Шрифт:
Интервал:
Закладка:
Таковы были предпосылки для маминых поисков работы. И немудрено, что однажды она услышала: в ИноТАССе требуются переводчики на немецкий. До этого мама уже переводила. Статейки на русском приносила ей женщина по фамилии Таубе. «Таубе» по-немецки — «голубь». Мама переводила статейки на немецкий, а Таубе, дама средних лет со знойным темным пушком над губой, уносила их в клюве неизвестно куда. Гонорар делили пополам. За что папа и все немногочисленные мамины знакомые маму укоряли — ведь переводила она одна.
В конце концов мама решилась пойти в ИноТАСС. Далось ей это нелегко. И я ее понимаю. Никаких связей, протекции у нее не было. Не было и стажа работы.
И все же мама встала с дивана (по моей позднейшей классификации, мама была «дама лежачая», а я, к примеру, «сидячая», в отличие от «дам ходячих» — предприимчивых) — мама встала и пошла…
ИноТАСС находился в то время в доме Наркоминдела на площади Воровского. Как она теперь называется — не знаю. Небольшая площадь Воровского плавно перетекала в Лубянскую площадь. А перед зданием Наркоминдела стоял памятник Вацлаву Воровскому, советскому дипломату, убитому в 1923 году в Лозанне.
К тому времени, как мама явилась на площадь Воровского и робким голосом попросила дать ей пробный перевод, претендентки на роль штатных переводчиков в ИноТАССе всем давно надоели. Немецкий многие из них знали, но не имели представления о том, как грамотно и адекватно изложить политический, да и вообще любой текст на чужом языке. И заведующий ИноТАССом Константин Уманский13 вынужден был переводить на немецкий сам.
Поэтому маму встретили не слишком дружелюбно. Просто сунули статью из газеты — пробный перевод. Она очень быстро перевела статью и… поехала домой. Шли дни, недели, прошел месяц — ИноТАСС молчал. Потом выяснилось, что на пробную работу моей мамы Уманский взглянул совершенно случайно и спустя долгое время. Мог бы и не взглянуть вовсе. Как сказано, эти пробные переводы были дохлый номер. Но Уманский все же взглянул. Игра случая или перст судьбы? Взглянул и ахнул — перед ним было то, что нужно: в мамином тексте не надо было править ни слова.
«Кто это перевел?» Выяснилось, что у мамы не взяли ни адреса, ни телефона. Подняли на ноги всю Москву. И к нам в Хохловский пожаловал нарочный из ИноТАССа. Маму молниеносно оформили и положили ей высокий оклад.

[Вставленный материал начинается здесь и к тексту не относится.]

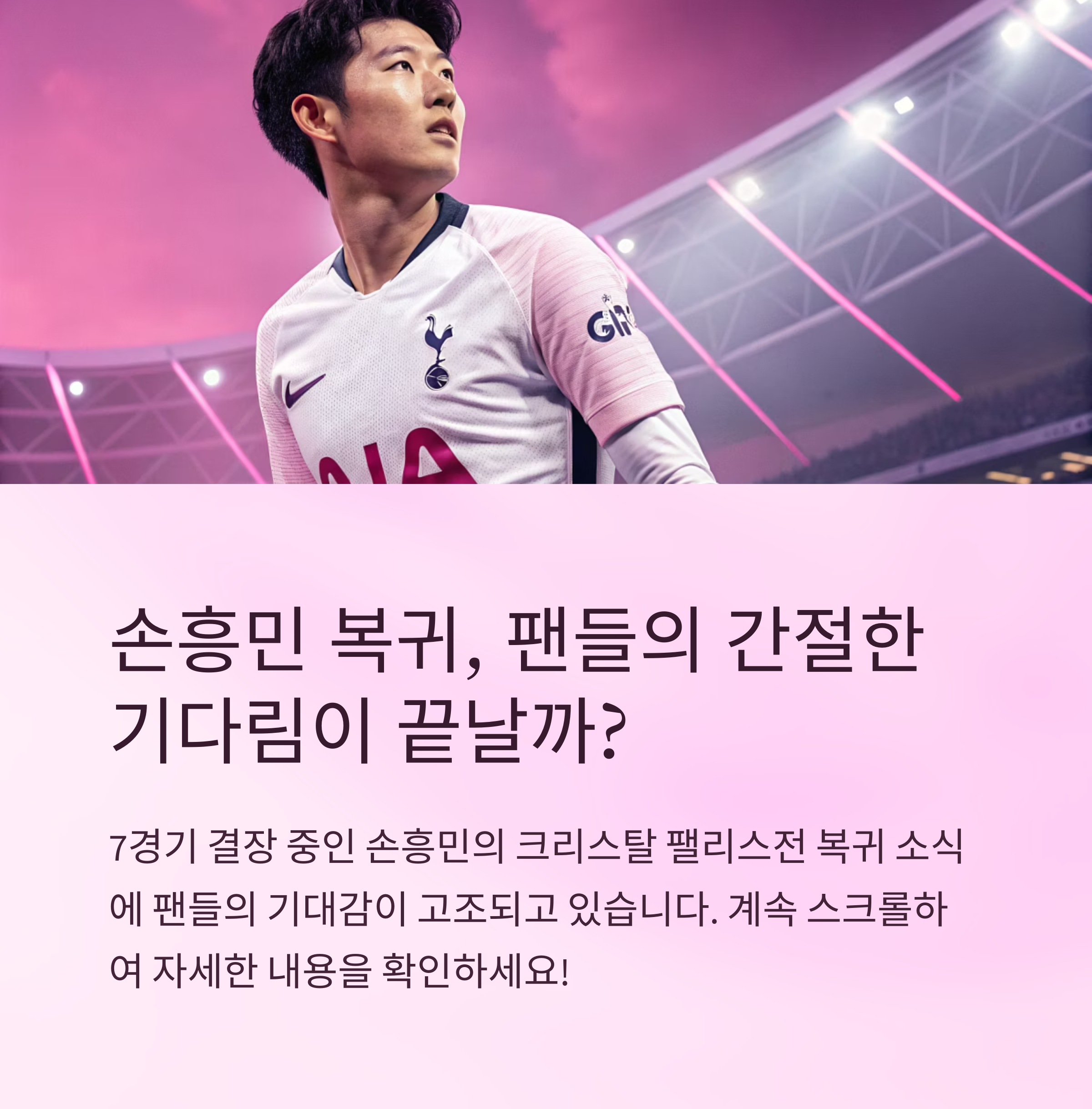 부상으로 인해 7경기 연속 결장했던 손흥민은 크리스탈 팰리스와의 경기를 통해 복귀할 가능성이 높아졌으며, 이번 경기는 단순한 복귀전이 아닌 매우 상징적인 의미를 갖습니다.

В 20—30-х годах таких, как она, именовали «беспартийными спецами». Именно благодаря беспартийным специалистам, как я понимаю, из водопроводных кранов в Москве текла вода и старые трамваи с гроздьями пассажиров на открытых площадках исправно бегали по своим маршрутам.
Мамины переводы для меня — чудо. Маме давали гору сообщений — коротких и длинных, она их просматривала и шла к иностранным машинисткам, где и диктовала весь материал на немецком с листа. И так каждый день. Вернее, не каждый день, а каждую ночь. Первое время она, как и весь ИноТАСС, работала по ночам. А позже, когда ИноТАСС и РОСТА соединились в здании на Тверском бульваре под именем ТАСС, мама перешла на дневную работу. Однако и тогда очень часто засиживалась до ночи.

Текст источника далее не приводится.